With the alarm going off, Floriane was wide awake ready for a new day.
But as she tried to get out of bed, she realised she couldn’t move at all.
‘It honestly was really scary,’ she tells Metro.co.uk. ‘I was in bed lying on my back. At first I just thought I was a bit numb from not having moved all night, then I quickly realised that my mind was fully awake but I couldn’t move my body.
‘It felt like I was pinned down on my bed with something heavy pressing on my chest and stomach.’
This was the first time she’d ever experienced sleep paralysis – a problem that affects around 8% of the population.
It means your brain is active but your body cannot move and usually happens when you are waking up or falling asleep.
Samantha Briscoe, Lead Clinical Physiologist at London Bridge Hospital (part of HCA UK) explains: ‘During a phase of sleep called REM (rapid eye movement) sleep our body enters a state of paralysis called atonia.
‘Sleep paralysis occurs when the brain is awake but the body is in this state of atonia or paralysis for a brief time; it can occur on waking or at the onset of sleep. The brain is awake but one would be unable to move or speak.

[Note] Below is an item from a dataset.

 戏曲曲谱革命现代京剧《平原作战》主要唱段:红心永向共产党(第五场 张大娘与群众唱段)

‘It is often associated with persistent dream imagery and people experiencing an episode report things such things as feeling as if someone is the room with them or someone is pushing down on their chest and it can be quite a frightening experience.’
Floriane started experiencing it in March last year, but others have been living with sleep paralysis for much longer, going through periods where it stops but finding it always comes back.

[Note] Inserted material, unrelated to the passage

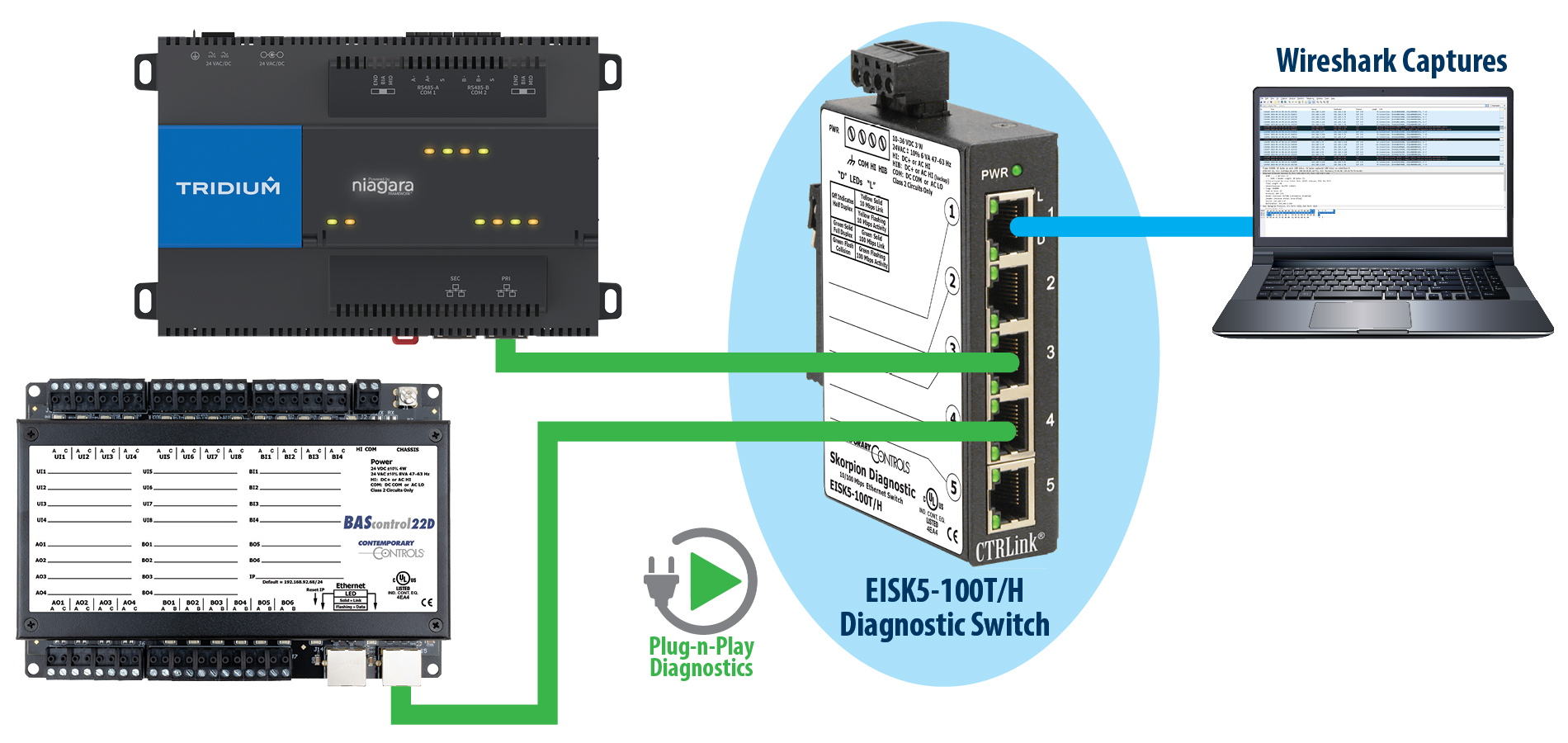 You can capture BACnet/IP messages using Contemporary Controls' Skorpion Diagnostic Switch that is connected to a PC running Wireshark. By placing the Diagnostic Switch between any BACnet/IP device and the rest of the network (as shown in Figure 1), you can capture transmitted or received BACnet/IP messages. These messages can provide a wealth of data for equipment vendors to help diagnose issues with the equipment in your facility. In Figure 2, all traffic to/from the controller is monitored, allowing you to analyze communication issues that may occur with the controller. In Figure 3, all traffic to/from the Jace is monitored, allowing you to analyze communication issues that may occur with the Jace.

Chris had his first episode when he was 15 and has had many terrifying instances over the years.
He explains: ‘It was quite scary the first couple of times it happened. I think there are Nordic folk tales about this being the ‘night witch’, who comes into your room and sits on top of you.
‘Very rarely, I am still in a dream state when I ‘wake’ and I have a combination of paralysis and almost like hallucinations.
‘The worst instance of this was when I once woke being unable to move, and felt as though I was being held down while lying on my front. In my mind, I was dragged from my bed by my feet and then jumped across the room to turn the bedroom light on.
‘When I hit the switch, I then actually ‘woke’ up – still in bed, in the dark. It felt like a very real experience and took me a while to understand what had just happened. I was around 17 when this happened.’
Doctors aren’t really sure why sleep paralysis happens, which makes it difficult to offer any sort of treatment, but often people can recognise triggers.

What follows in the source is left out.